Comments and Suggestions for Authors

The present work reported a theoretical study on the geometry and electronic properties of Ru₃ clusters anchored to rutile TiO₂ (110) surfaces using DFT and HSE06 hybrid functional calculations. The obtained results indicate that introducing these clusters alters the electronic structure of TiO₂ by introducing localized states in the bandgap, which leads to the broadening of the light adsorption to the visible region. There are critical issues in this work that need to be carefully revised. Otherwise, I would not recommend this work for publication.

1. The title of this work should be revised as it does not reflect the novelty of this work. It is too general and looks like the title of a review article, especially with the phrase “a route to green hydrogen”.
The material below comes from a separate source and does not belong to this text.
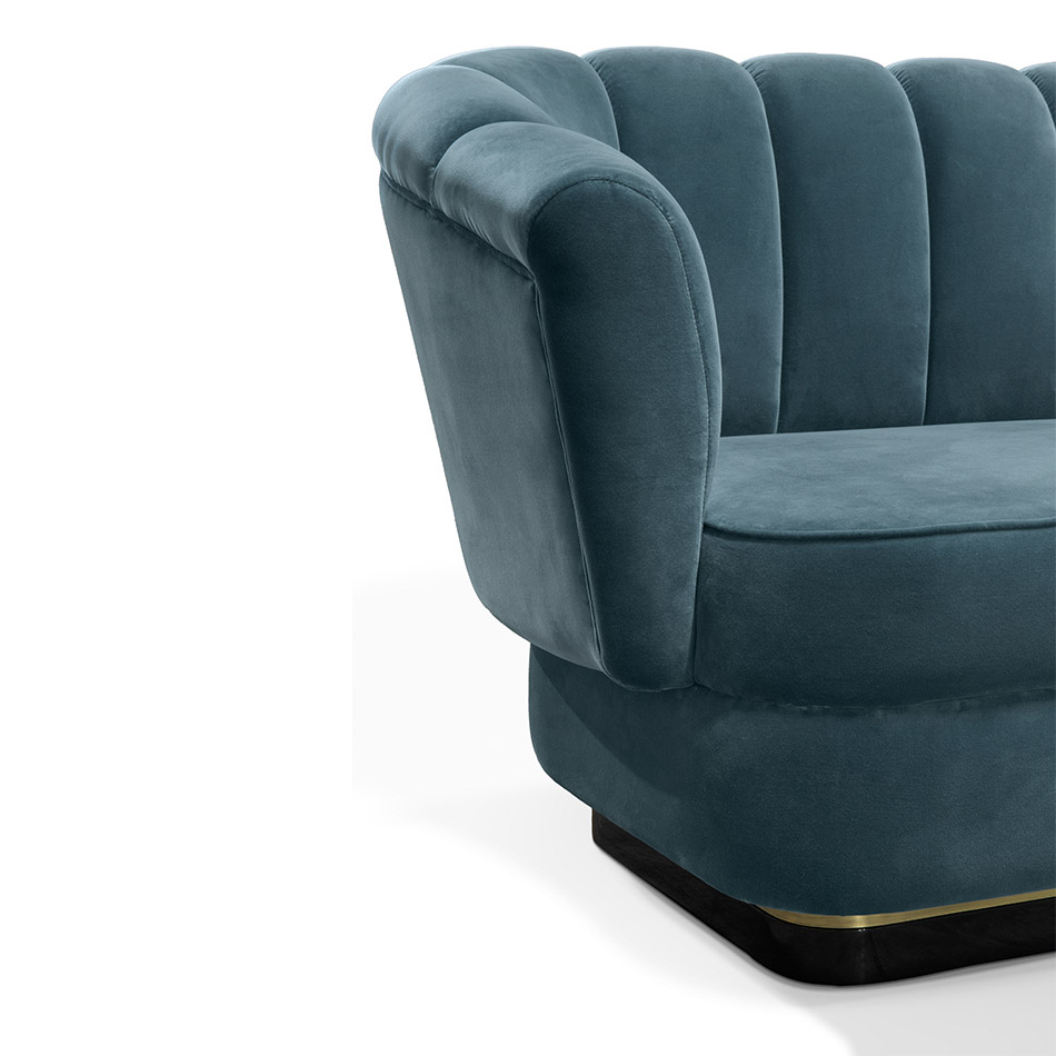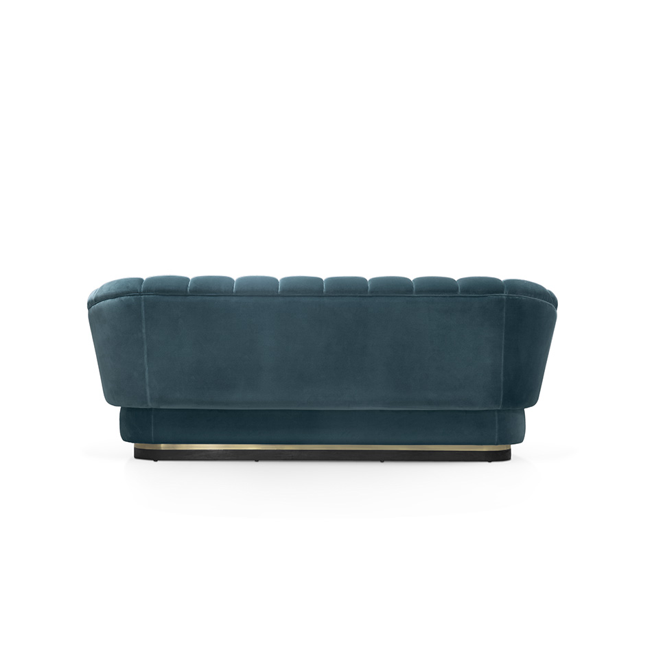 The ocean hides many mysteries and rare beauty. Its beauty was honoured through the exquisite design of POWEL Sofa. With a channel-tufted back, this fabric sofa features cotton velvet upholstery and a base in glossy black lacquer with aged brass details. The POWEL Green Velvet Sofa will add mystery and beauty to any home decor.

     1. Calculated band structure of pristine TiO₂ and Ru₃-loaded TiO₂ should be provided, in addition to the density of states (DOS), to confirm the bandgap modification.

     2. In this work, the authors desire to demonstrate the enhanced photocatalytic activity of TiO₂ toward the water splitting upon the loading of Ru₃ clusters as co-catalysts. However, they only showed modifications of the TiO₂ electronic structure, which leads to improved light adsorption. Meanwhile, one of the most essential aspects – the activity of Ru clusters toward the hydrogen evolution reaction (HER) was not investigated. It should be noted that enhanced light absorption does not mean improved photocatalytic activity. The authors must calculate the Gibbs free energy of H adsorption (ΔG_H) of Ru clusters and compare it to that of pristine. This is an essential quantitative benchmark to determine HER efficiency. On the other hand, there are various possible active sites for HER on the surface of Ru₃-loaded TiO₂, including Ru₃ cluster, surface O atoms, surface Ti atoms, Ti³⁺ species (formed upon the formation of oxygen vacancies), Ti_27, Ti₆₁, etc., whose HER activity must be investigated. If Ru₃ clusters are not active or slightly for HER, they are not co-catalysts but may boost the catalytic activity of TiO₂ active sites.

   3. To verify the enhancement of catalytic activity by loading Ru₃ clusters, some referent samples must be employed for the comparison. Single Ru atoms and Ru nanoparticles could be good candidates.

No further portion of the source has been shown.